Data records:
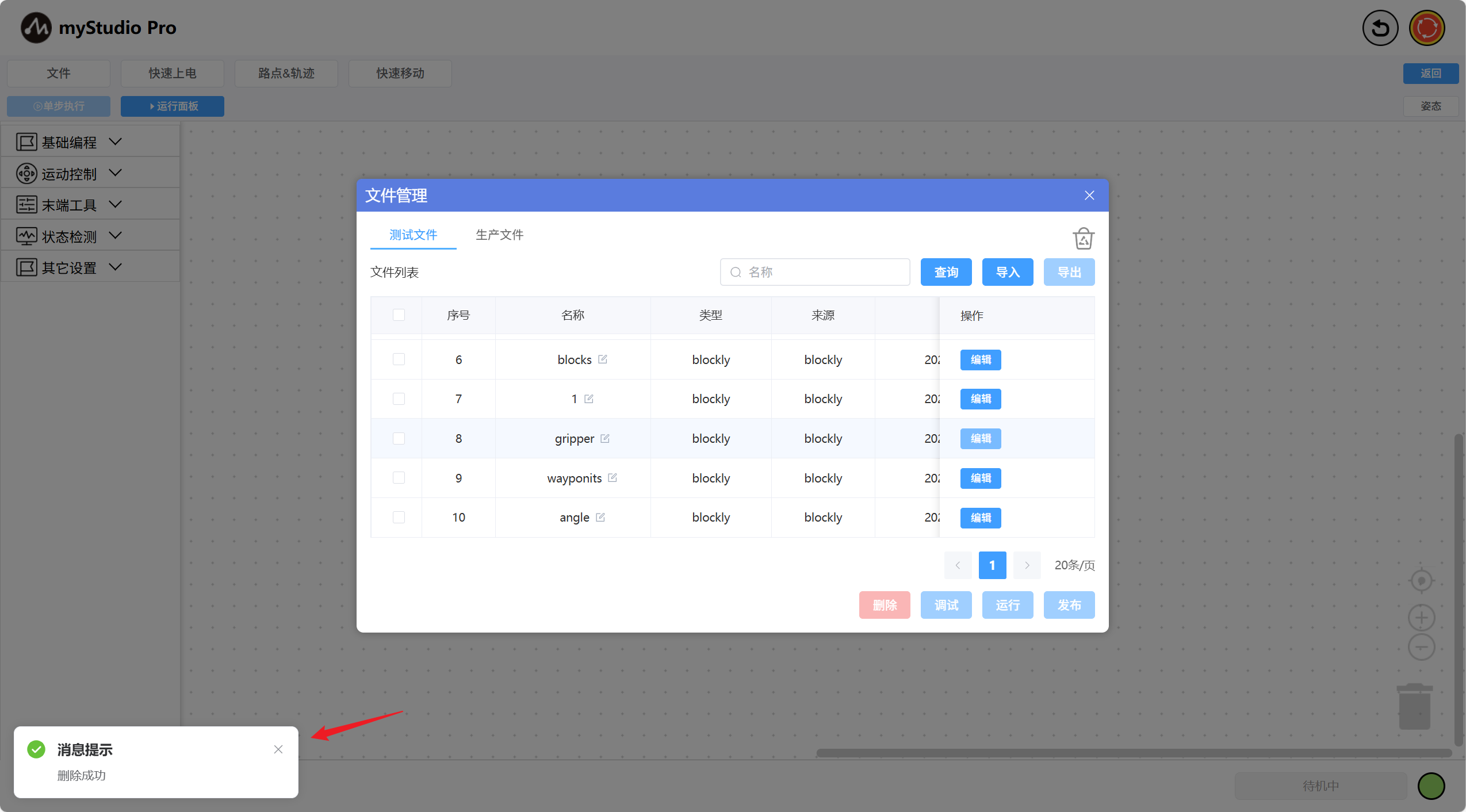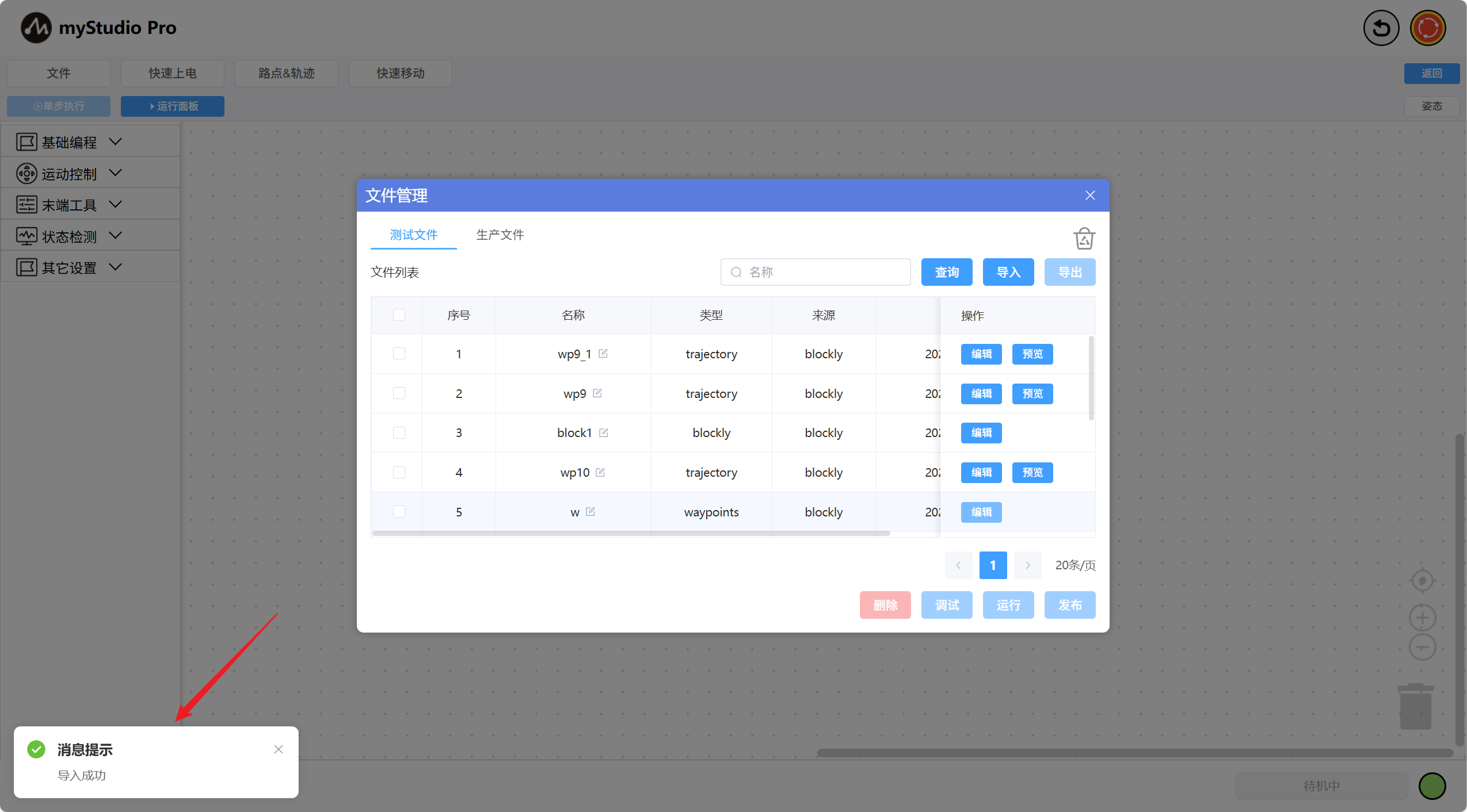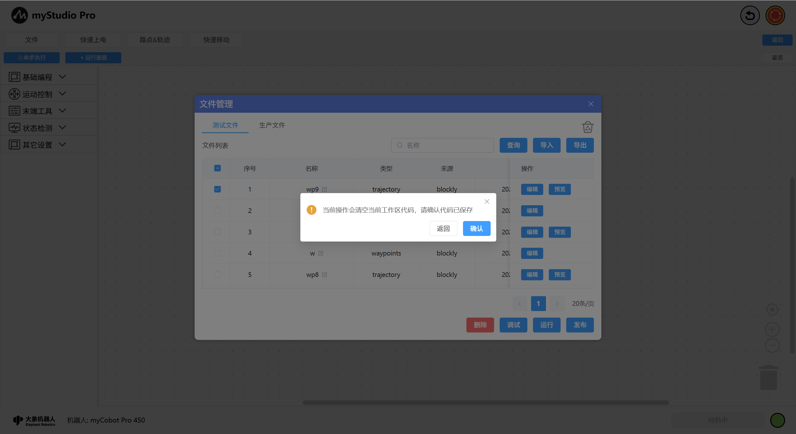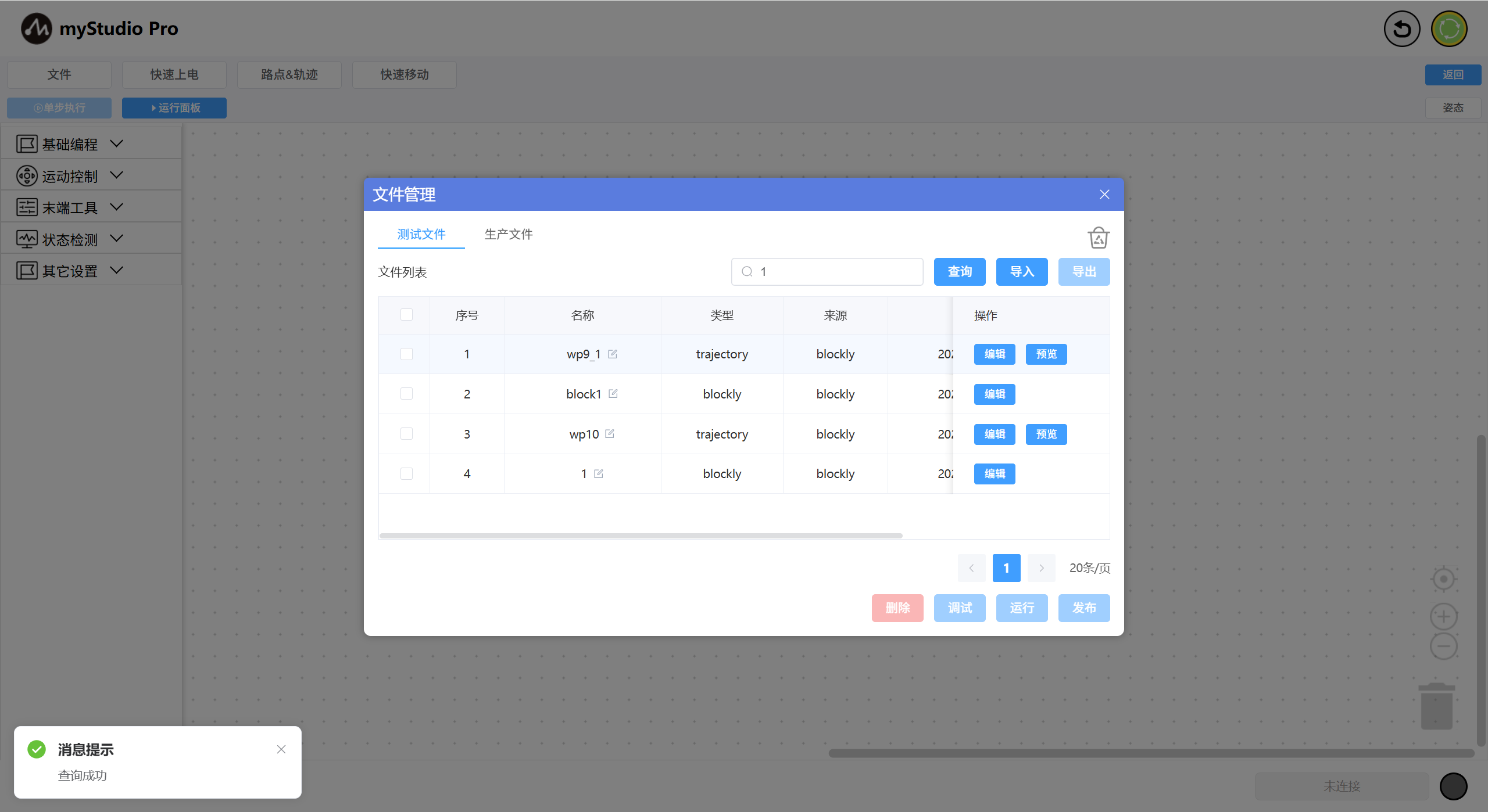 功能描述:通过文件管理模块,可以方便的对不同文件空间下的文件进行保存、导入、导出等操作。文件列表打开方式有两种,首页-打开文件或myBlockly页文件操作菜单-打开选项,即可打开文件管理列表,同时加载您保存好的文件内容包括工作区、路点、轨迹文件(关于如何保存工作区,请点这里)。
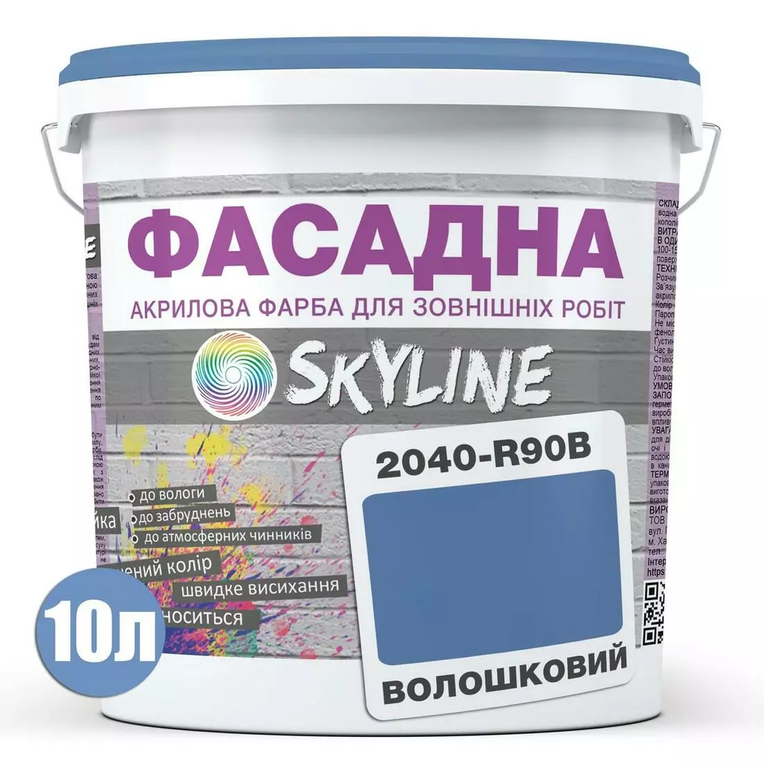 Краска Акрил-латексная Фасадная Skyline 2040-R90B Васильковый 10л
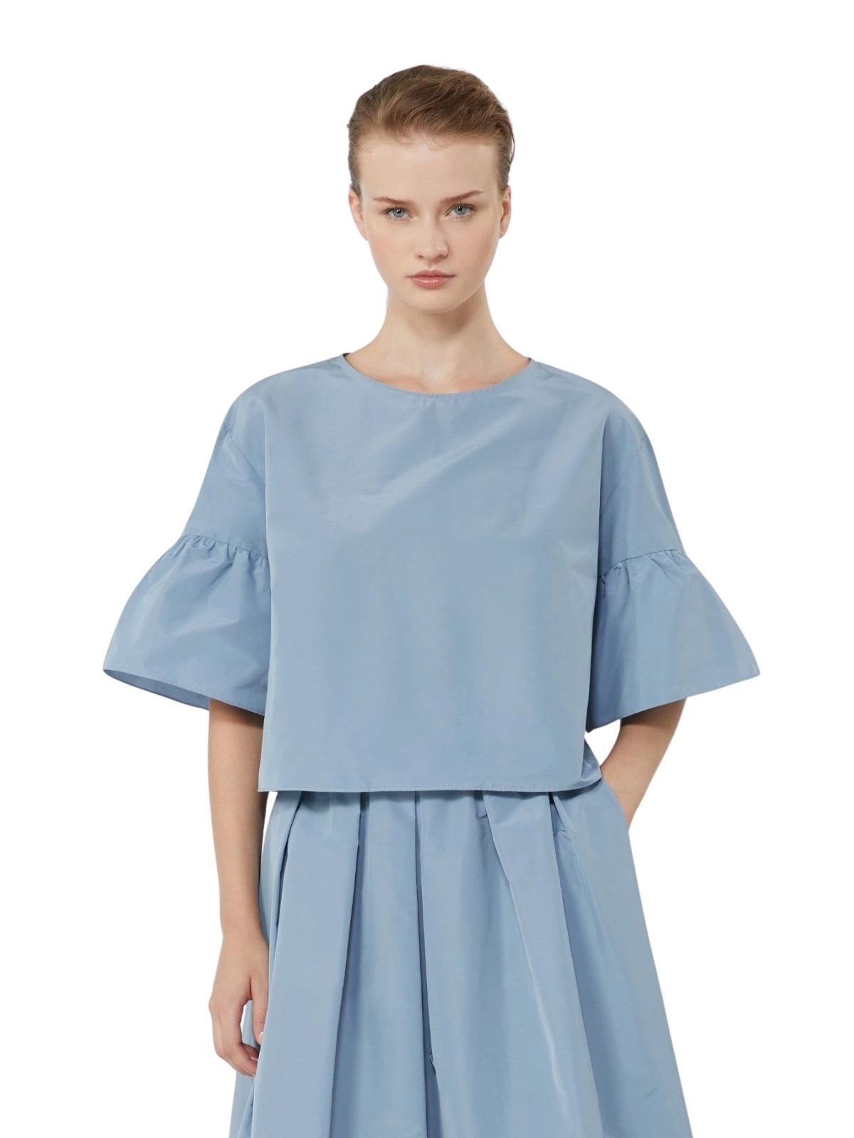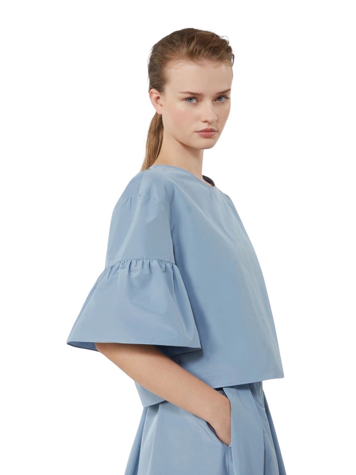 Cotton Taffeta Cropped Blouse – Lyseblå
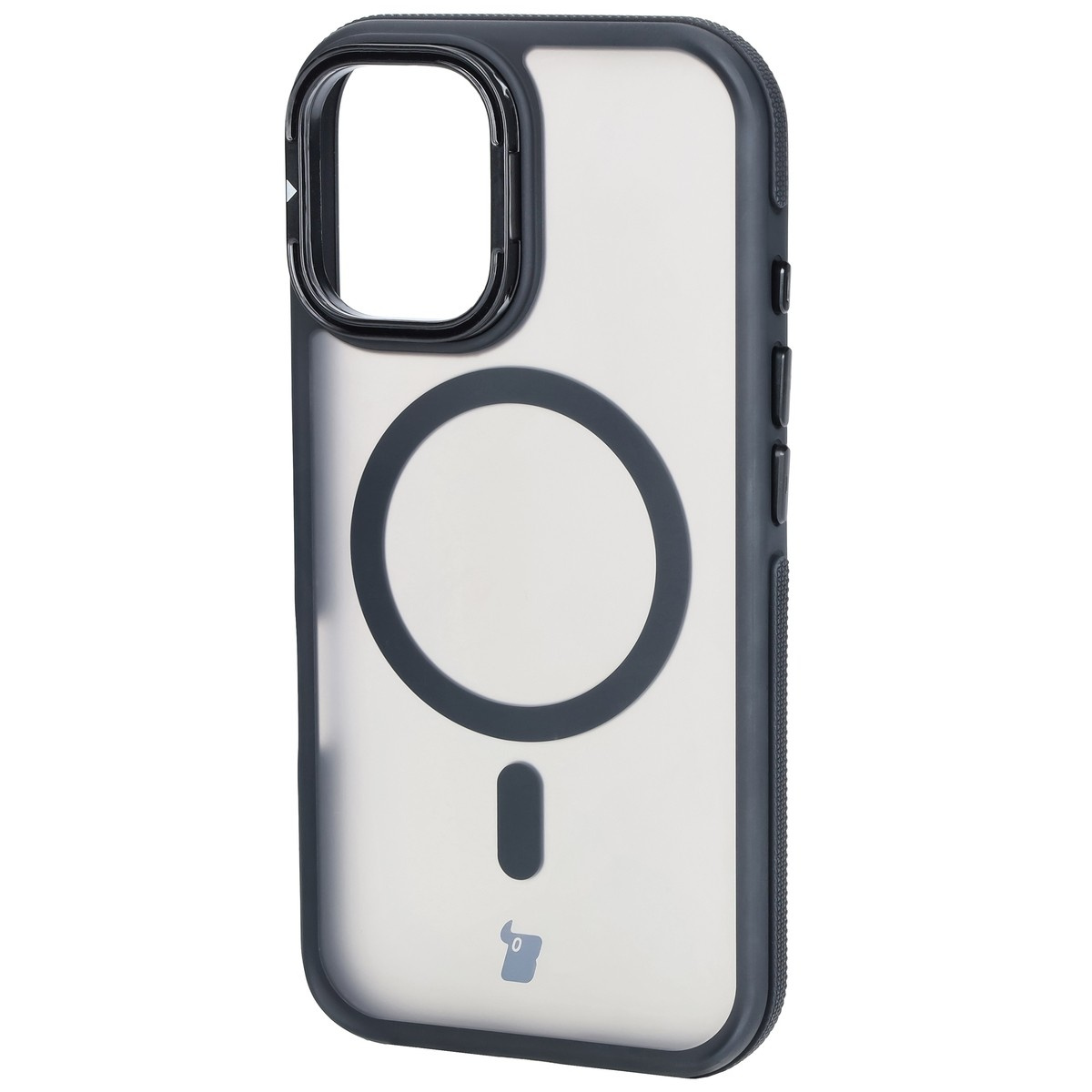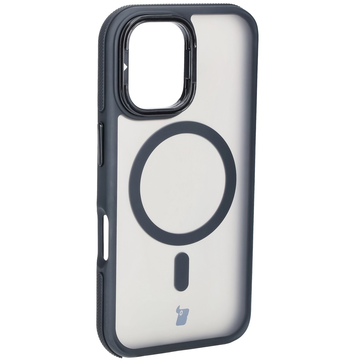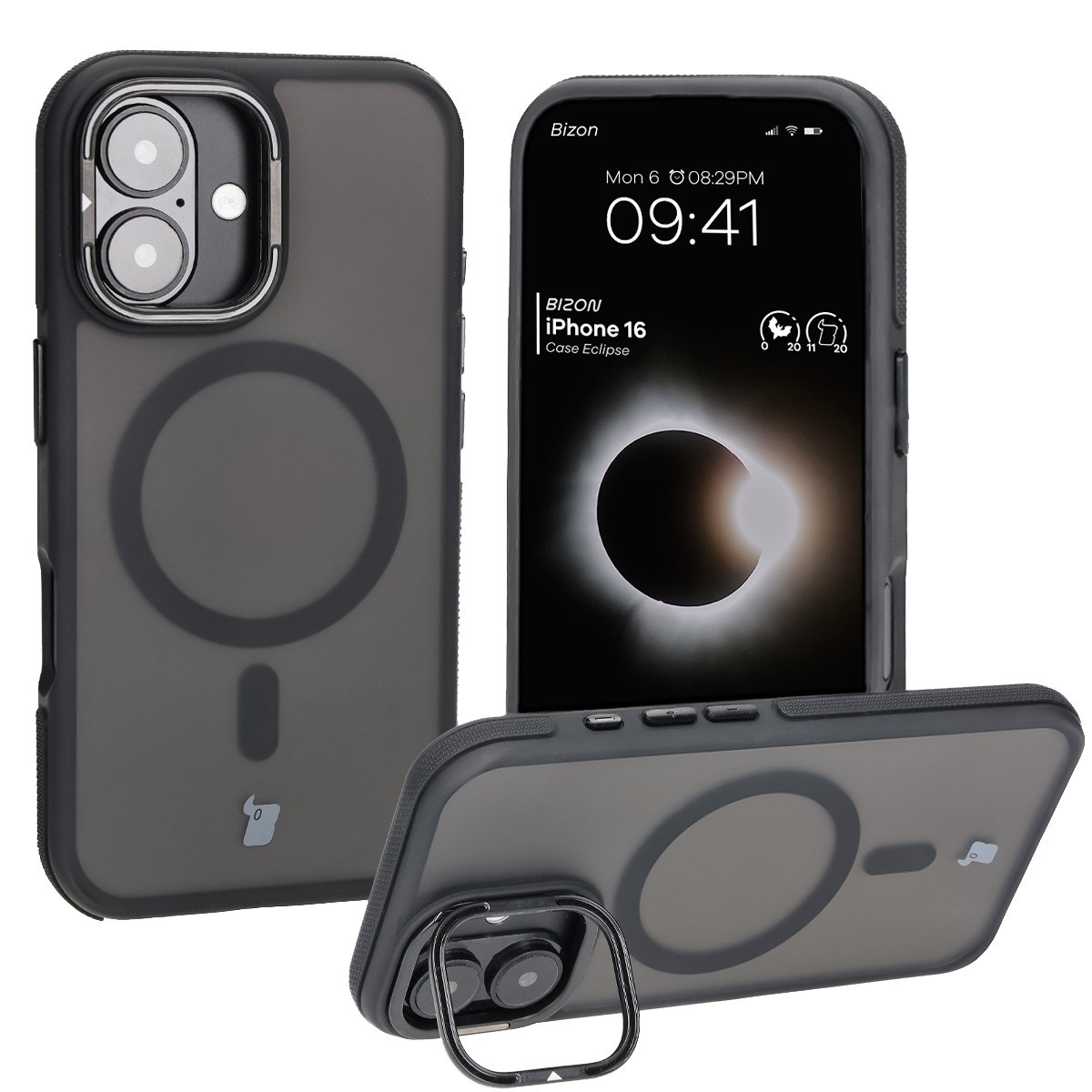 Etui z podstawką i pierścieniem magnetycznym Bizon Case Eclipse do iPhone 16, przydymione z czarną ramką
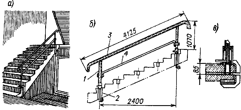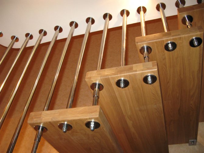 Законченный вид лестнице придаётся вспомогательными элементами. Ограждения могут использоваться как резные, так и ровные, стальные либо деревянные фигурные.
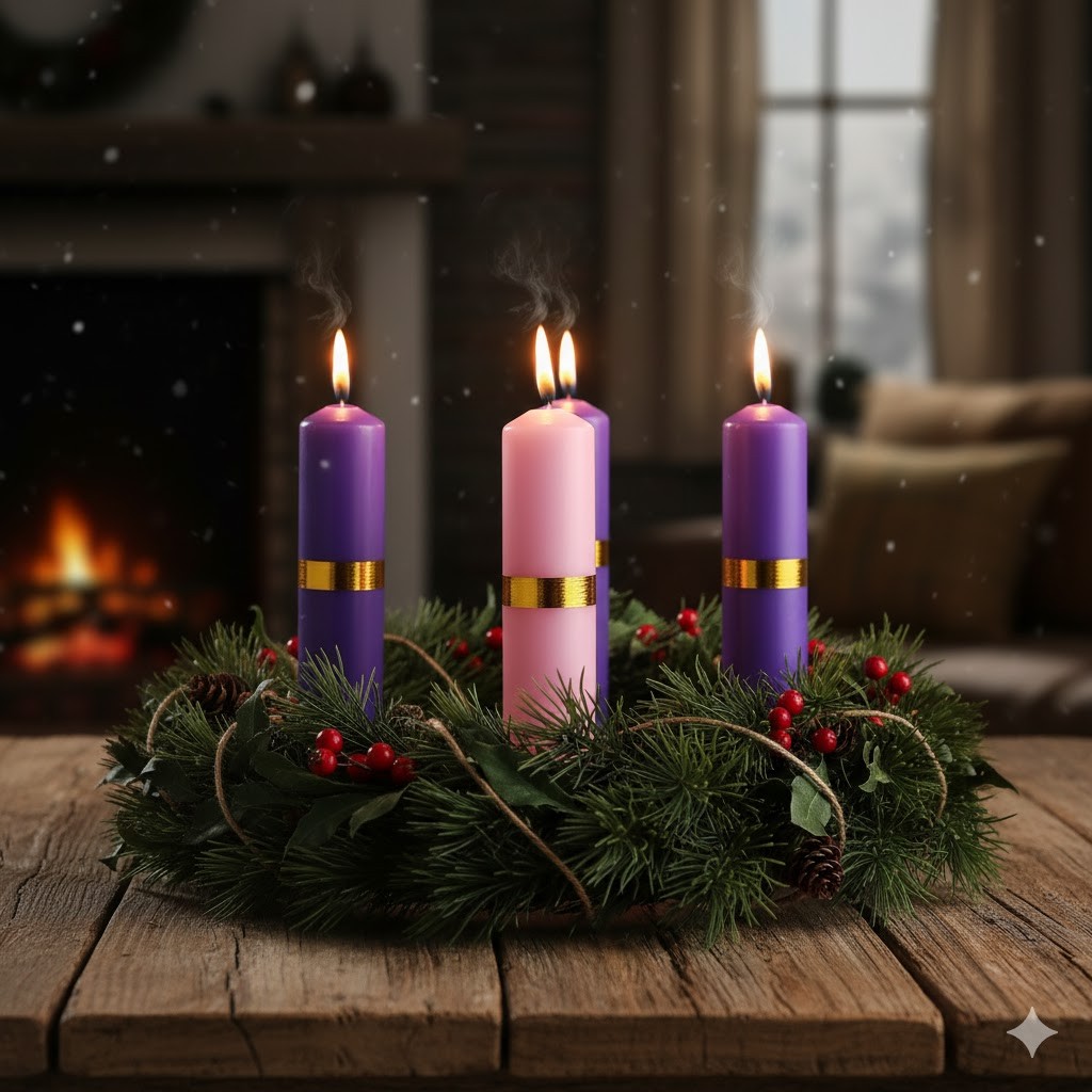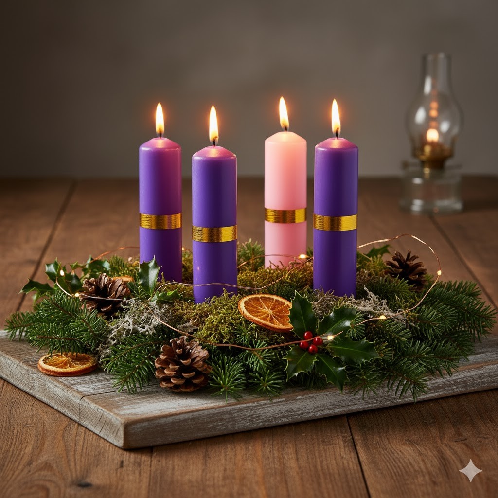 Kolory liturgiczne — fiolet i róż — pozwalają zachować symbolikę adwentową.

> EXERCISE BRIEF
Drop the images and quote the entries word for word.

> SOLUTION BELOW
 功能描述:通过文件管理模块,可以方便的对不同文件空间下的文件进行保存、导入、导出等操作。文件列表打开方式有两种,首页-打开文件或myBlockly页文件操作菜单-打开选项,即可打开文件管理列表,同时加载您保存好的文件内容包括工作区、路点、轨迹文件(关于如何保存工作区,请点这里)。
 Краска Акрил-латексная Фасадная Skyline 2040-R90B Васильковый 10л
 Cotton Taffeta Cropped Blouse – Lyseblå
 Etui z podstawką i pierścieniem magnetycznym Bizon Case Eclipse do iPhone 16, przydymione z czarną ramką
 Законченный вид лестнице придаётся вспомогательными элементами. Ограждения могут использоваться как резные, так и ровные, стальные либо деревянные фигурные.
 Kolory liturgiczne — fiolet i róż — pozwalają zachować symbolikę adwentową.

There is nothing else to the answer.